[Data records]
————————

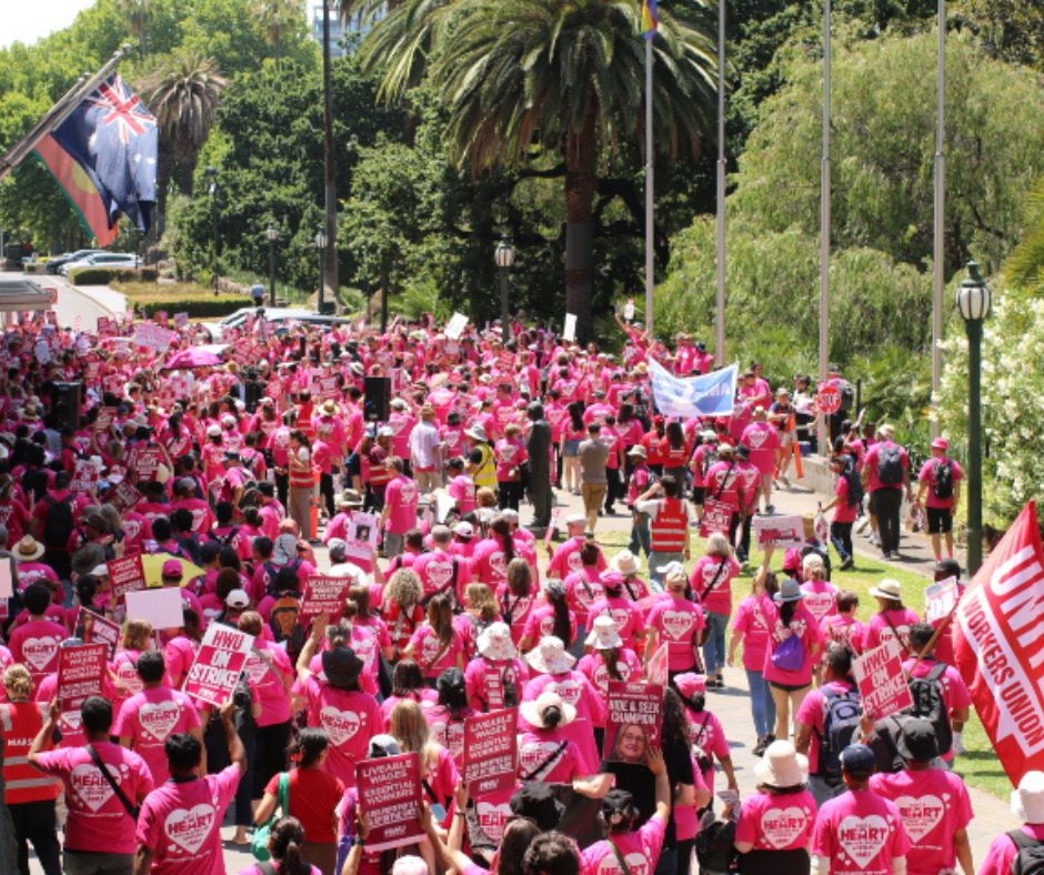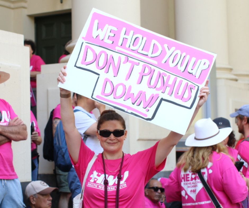 Further actions were held across the state, with many travelling in from regional areas to make their voices heard and represent co-workers unable to attend.
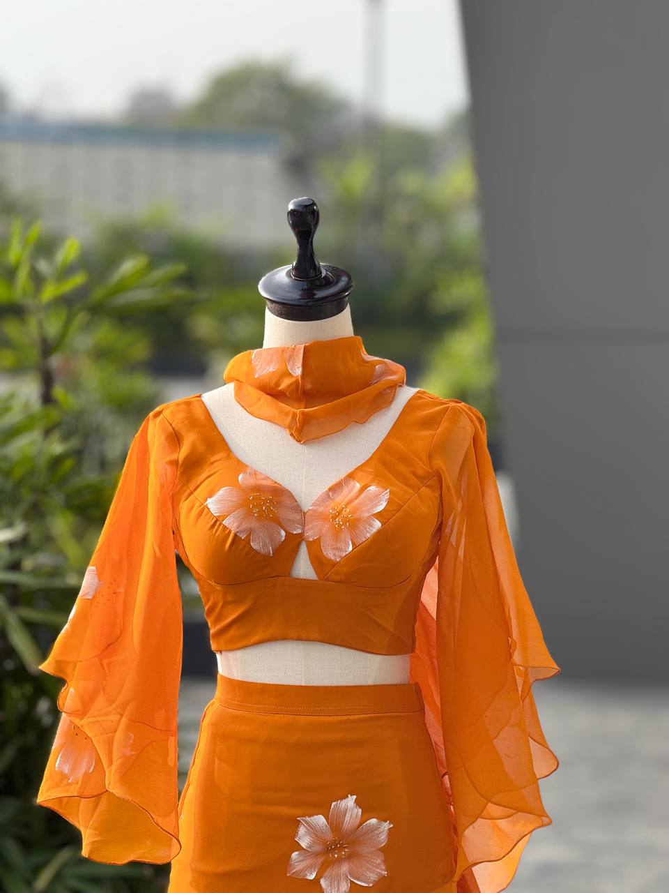 lehenga - Georgette Handprint work fish cut lehenga with adjustable waist elastic and dori 🌸
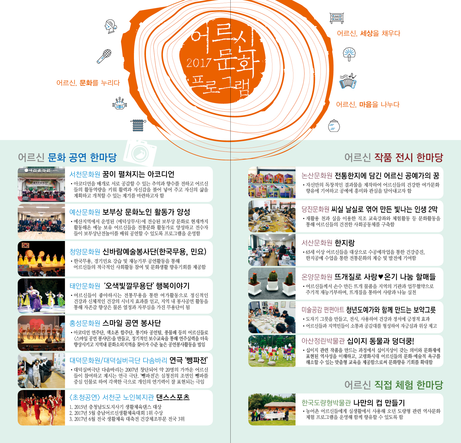 | 제목 | 2017 어르신 문화프로그램 '충남의 어르신, 문화로 소통하다'에 여러분을 초대합니다. | ||||
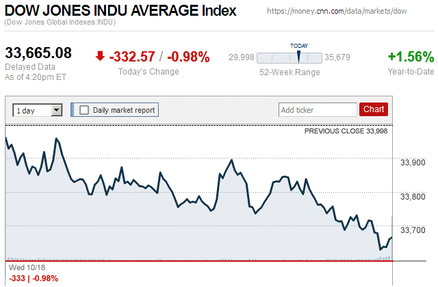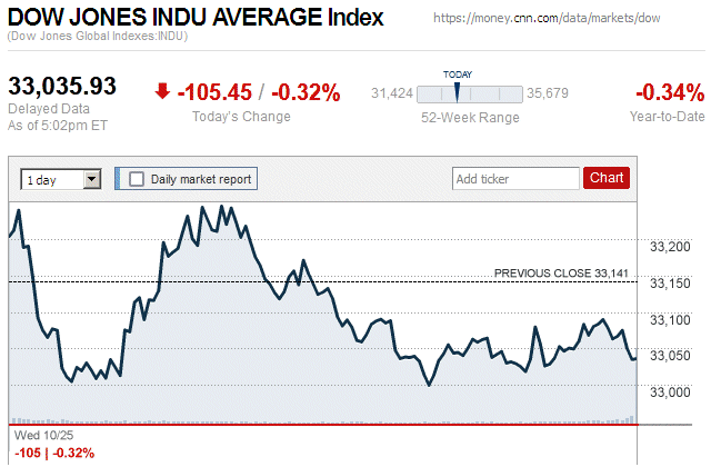 Although major stock indices began the trading day in positive territory, they “zigged” and “zagged” between positive and negative territories throughout the day and closed with moderate to large losses. The Dow Jones Industrial Average (DJIA) was down 0.75% to 33,414.17, while the Standard & Poor’s 500 stock index was down 0.85% to 4,278.00. The NASDAQ Composite index was down 0.96% to 13,186.18. ![]() ![]() ![]() |
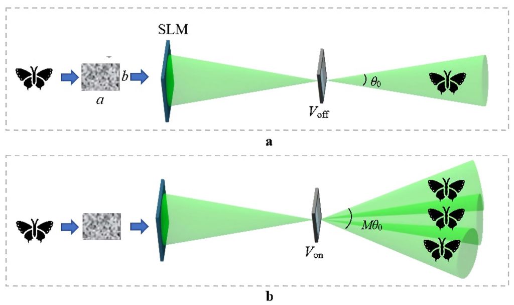(a)初始状态下的观看视角;(b)可调液晶光栅施加电压时的观看视角
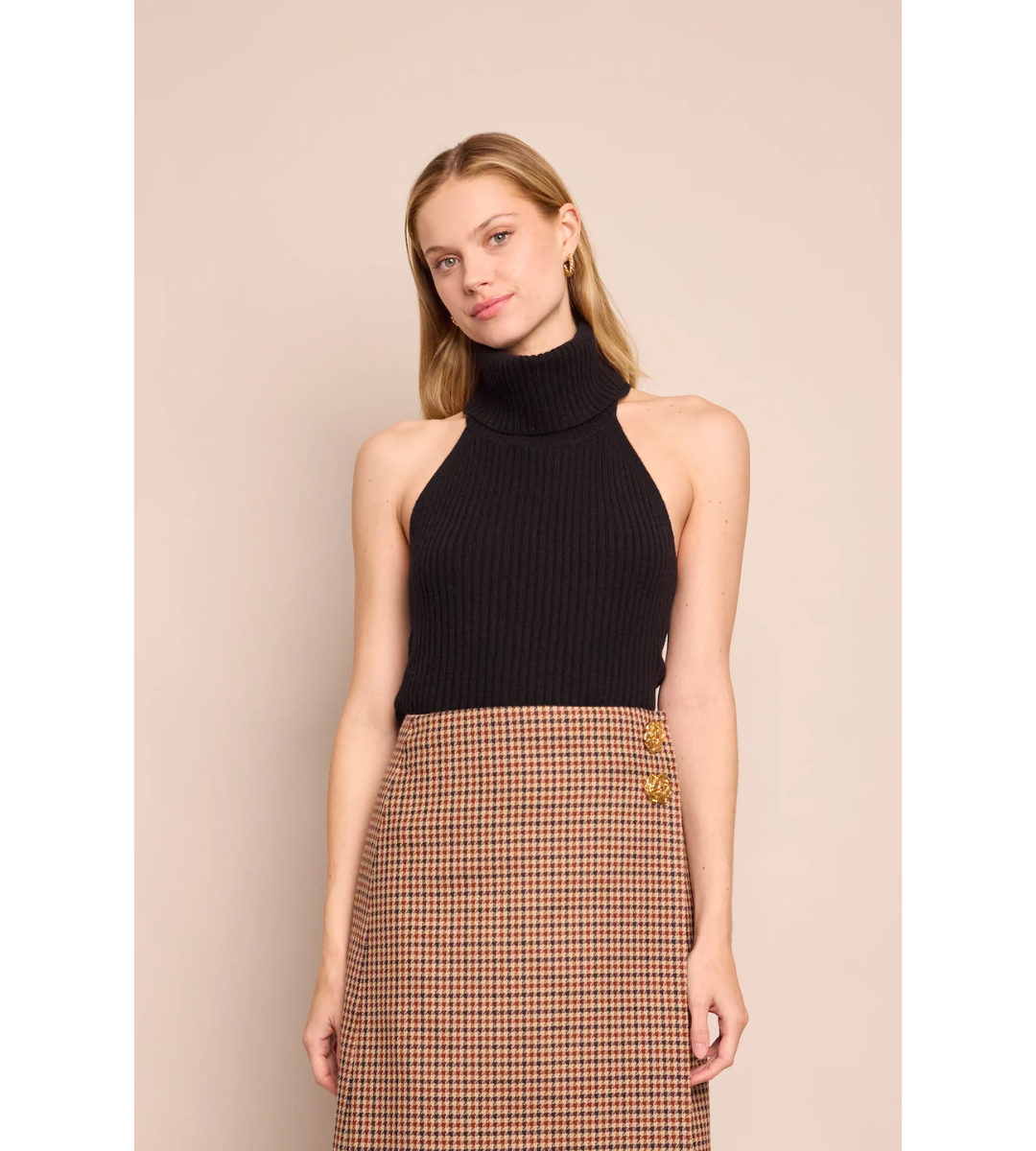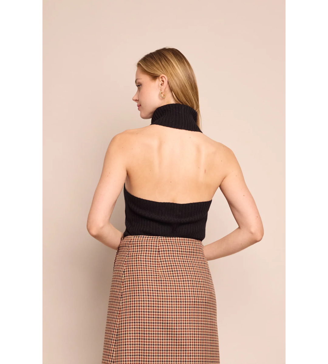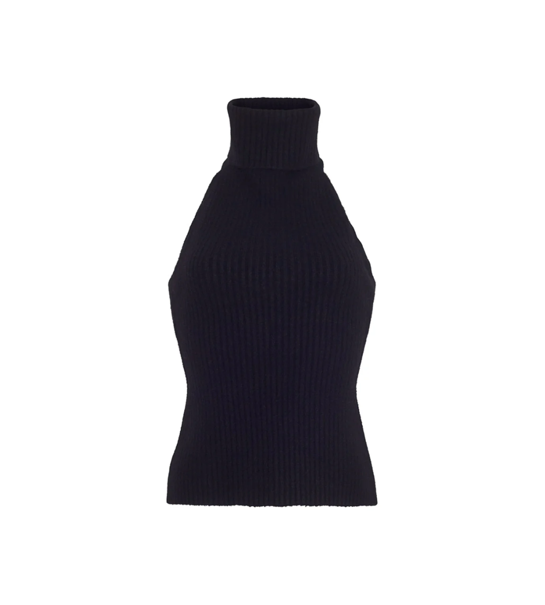 The form-fitting Samson Top is a ribbed knit open back halter with a luxurious, oversized turtleneck. The vertical rib knit stitch creates a figure-flattering silhouette.
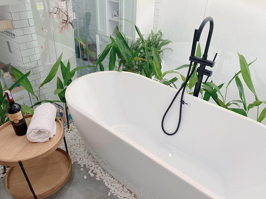 Khu vực phòng tắm đẹp lãng mạn, thoáng sáng và ngập tràn cây xanh.

————————

→ **What you have to do**
All lines from the one holding "Although major stock" through the last line of the records need to be copied exactly, both ends included, and the pictures left behind.

→ **Output of the task**
 Although major stock indices began the trading day in positive territory, they “zigged” and “zagged” between positive and negative territories throughout the day and closed with moderate to large losses. The Dow Jones Industrial Average (DJIA) was down 0.75% to 33,414.17, while the Standard & Poor’s 500 stock index was down 0.85% to 4,278.00. The NASDAQ Composite index was down 0.96% to 13,186.18. ![]() ![]() ![]() |
(a)初始状态下的观看视角;(b)可调液晶光栅施加电压时的观看视角
 The form-fitting Samson Top is a ribbed knit open back halter with a luxurious, oversized turtleneck. The vertical rib knit stitch creates a figure-flattering silhouette.
 Khu vực phòng tắm đẹp lãng mạn, thoáng sáng và ngập tràn cây xanh.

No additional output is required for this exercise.